The Affordable Care Act became law on March 23, 2010. More than one year later, many of its significant victories for children’s health have already taken effect, with many more yet to roll out over the next few years.
Yet the law’s constitutionality is being challenged in a series of upcoming court actions, including a June 8 proceeding in the 11th Circuit Court of Appeals. Should this or any other pending lawsuit find the health care law unconstitutional, many of its strong child health protections could be undone. This would be a devastating blow for children’s health here in Atlanta and across the country.
Let me tell you why.
Currently under the law, no child can be denied health insurance coverage because of a pre-existing condition. These conditions can range from some of the most common and easily treatable such as asthma to potentially life-threatening ones such as childhood cancer. What this protection means for so many children here in Atlanta is something many of us take for granted: access to health care services.
Not only does this access help pediatricians monitor and treat complex conditions before they flare up, but it also helps save our health system money in the long run by keeping these conditions in check with preventive care.
Oftentimes an early diagnosis can be the difference between a routine test and a trip to the emergency room. Before health reform became the law, some of our nation’s most vulnerable children who needed immediate, specialized care were left without any options to access it.
It broke my heart to see children suffering needlessly simply because they did not have health insurance.
Now thanks to the Affordable Care Act, many of these children are getting the care they need to stay healthy.

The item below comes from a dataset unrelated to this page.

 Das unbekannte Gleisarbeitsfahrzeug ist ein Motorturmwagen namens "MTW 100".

The focus of the 11th Circuit’s case is whether one specific provision of the law — which in 2014 requires all individuals to purchase health insurance or pay a small penalty — is constitutional. Without this key provision, the law’s child health protections, including the ban on pre-existing condition exclusions, cannot take effect.
This lawsuit fails to understand the value of the Affordable Care Act for children.

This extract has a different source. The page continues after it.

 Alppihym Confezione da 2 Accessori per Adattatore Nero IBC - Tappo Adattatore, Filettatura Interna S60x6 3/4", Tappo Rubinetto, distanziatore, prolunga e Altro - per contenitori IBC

An overwhelming majority of Americans have already taken responsibility for their own health insurance and automatically comply with the individual mandate provision because they have insurance through their employer, public programs such as Medicare or Medicaid, or because they purchased their own plan.
Health insurance works most effectively when everyone participates. An insurance market that doesn’t require healthy people to contribute to the very care they rely on when they become sick would cause premiums to spiral out of control, leaving many people who need insurance the most without access to any affordable care.

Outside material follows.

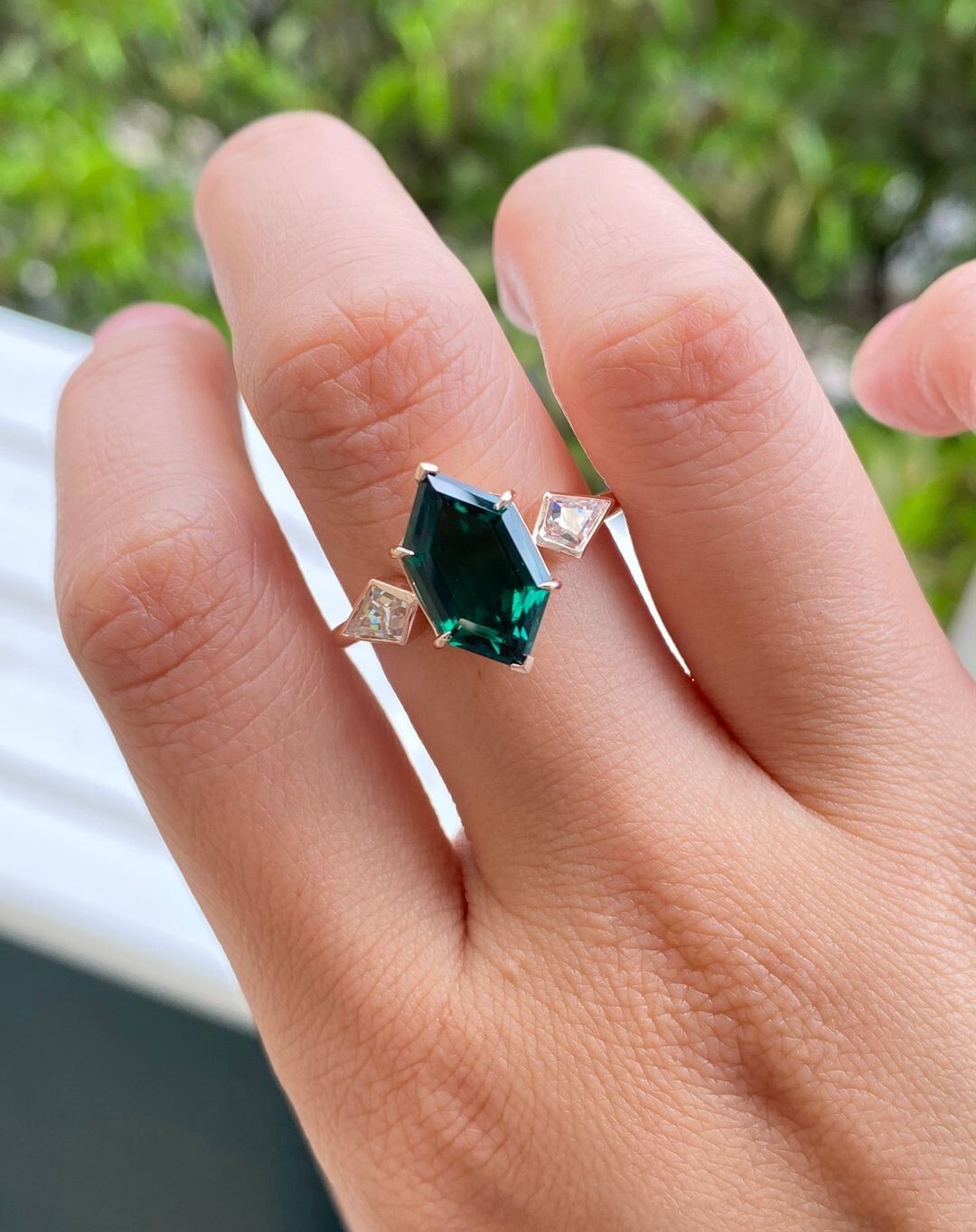 как выглядит Green Hexagon Cut Simulated CZ Solitaire 925 Sterling Silver Wedding Gift Ring фото

Requiring everyone to purchase health insurance balances this scale and makes possible important protections such as the ban on pre-existing condition exclusions for children.
Throughout my career as a pediatrician, I have seen the terrible consequences of families not being able to access timely and appropriate services because of inadequate health insurance.
This can become a thing of the past, but not without the law we all came together to pass just over a year ago.
Challenging the Affordable Care Act in a courtroom or in the halls of the Capitol is not the answer. Our children are better off because of this law, and we owe it to them to make sure it takes effect.
Dr. Jay E. Berkelhamer of Atlanta is a past president of the American Academy of Pediatrics.